The Holidays
The holidays around the Winchesters were never very warm and happy occasions. Seldom were they celebrated, what with John's hunting taking the family from one coast to the other. In fact, there have been times when they celebrated in the car, using a pine air freshener as a tree. Sometimes John wasn't there at all, and it was up to Dean to make Christmas for his little brother.
The first Christmas after Mary's death was the hardest. They were still living in Lawrence, Kansas, and John was just starting to dip his toe into hunting, into finding out what was really out there.
To Dean, Christmas was like reopening an old wound. He couldn't remember much of past Christmases, to be honest, but there was one memory, crystal clear in his mind. It was of Mary, baking Christmas cookies and letting Dean help.
He would put his little toddler hands on the rolling pin and push as hard as he could (which wasn't very hard, really). Then, when the dough was flat, they'd take the cookie cutters and make stars and trees and little men. Dean even insisted they make a tiny baby with the scraps, because even though it couldn't celebrate with them, "the baby inside Mommy is a part of the family too, and deserves its own cookie." Mary just smiled and helped Dean hold the knife to cut out the shape.
The next year, none of that happened. The broken family went to a friend's house for Christmas dinner.

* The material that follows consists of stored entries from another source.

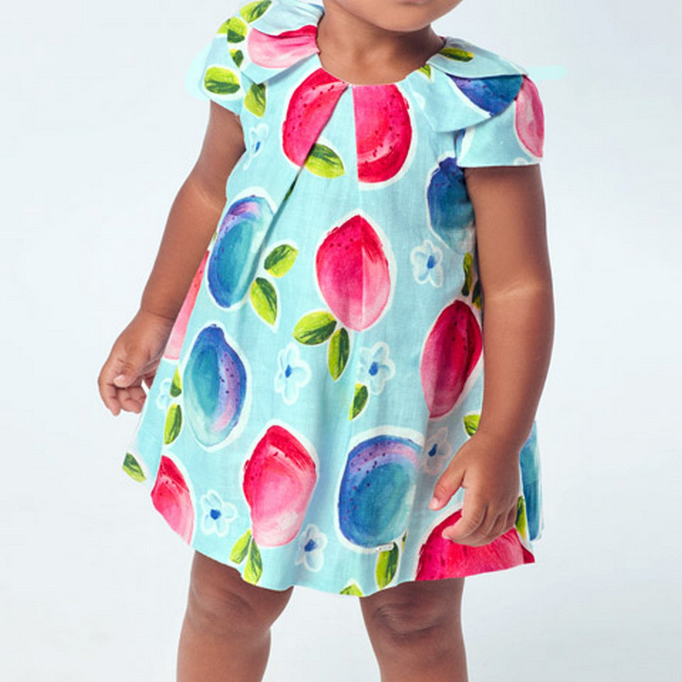 Dress with short-sleeved culottes in linen blend, with printed pattern.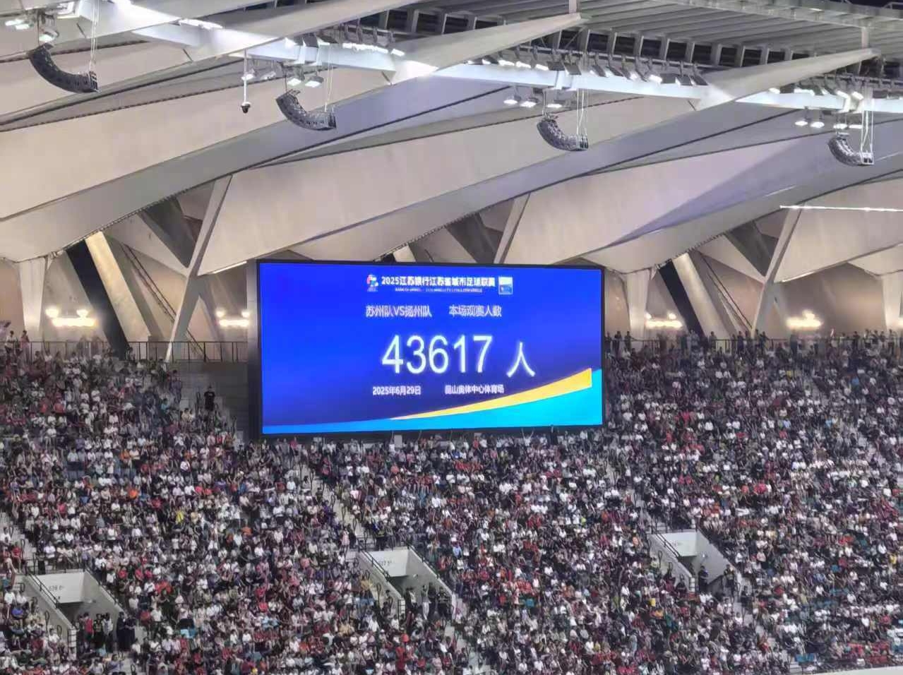 下半场现场广播宣布,本场比赛昆山奥体中心上座人数为43617人,再度刷新了“苏超”上座纪录!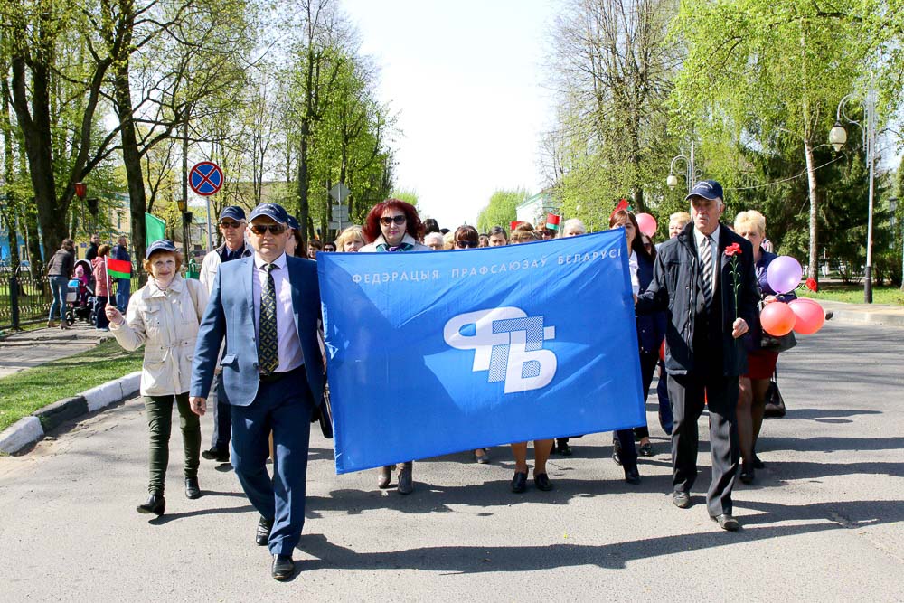 По традиции, в праздничной колонне по улице Советской прошли представители трудовых коллективов. Во главе колонны — духовой оркестр и профсоюзные лидеры. На площади всех приветствовали члены райисполкома.

Present unwrapping was dull and short. Because, truthfully, John had completely forgotten about Christmas until he heard Dean talking to Sam about Santa Claus.
So, hurriedly, John had scrounged up gifts for the boys. Sam got a squishy toy that crinkled when you squeezed and Dean got a set of toy soldiers. Dean opened Sam's present for him, because, obviously, Sam couldn't. Dean never rolled out cookie dough again and Sam never got to taste his mother's cookies.
But there were times after that when you couldn't tell the Winchester family from a normal one. When Sam was three and Dean was seven, John rented an apartment, bought a little tree, and strung a string of lights. That year, Sam got a stuffed tiger, and Dean, a toy car. And, just for that moment, they could pretend ghosts and demons weren't real, and Santa was.
As the years went on though, holidays became more of a "if we have the time" sort of ordeal.
After Sam left for Stanford, any thoughts of Christmas disappeared, along with John. He'd vanish for a few days, around Christmastime, with no explanation as to where he went. Years later, Dean would come to realize that he went to visit Adam, his half-brother.
Meanwhile, Sam was busy having his first "real" Christmas, with some of his Stanford friends. Eggnog was drunk, gifts were exchanged, stories shared, and Sam drunkenly kissed his friend Jess under the mistletoe. He didn't know it then, but that kiss would spark the best years of his life. Sam, however, would look back and wonder: Could that kiss have sparked much more than love? Could it have lit the flame that killed Jess?
Three years after the fire, Sam and Dean find themselves celebrating in a cheap motel room, because Dean believed it was his last Christmas on Earth.
It wasn't, though, and now Dean sits alone in the Bunker, staring at the Game of Thrones book he was going to give Sammy for Christmas. With Bobby and Kevin dead, Castiel gone, Charlie in Oz, and Sam in the wind, there is no one left to join him. Dean knows he ought to be looking for Sam, but he can't. Not right this second. It's Christmas.
Dean wipes away the tears that are forming in his eyes. Come on, Dean, get it together, he thinks, just because there isn't anyone else around doesn't mean you need to get all weepy.
He stands, downs the rest of his beer, and goes to bed.
Pulling the blankets up to his chin, Dean mutters into the dark:
"Merry Christmas Sammy, wherever you are."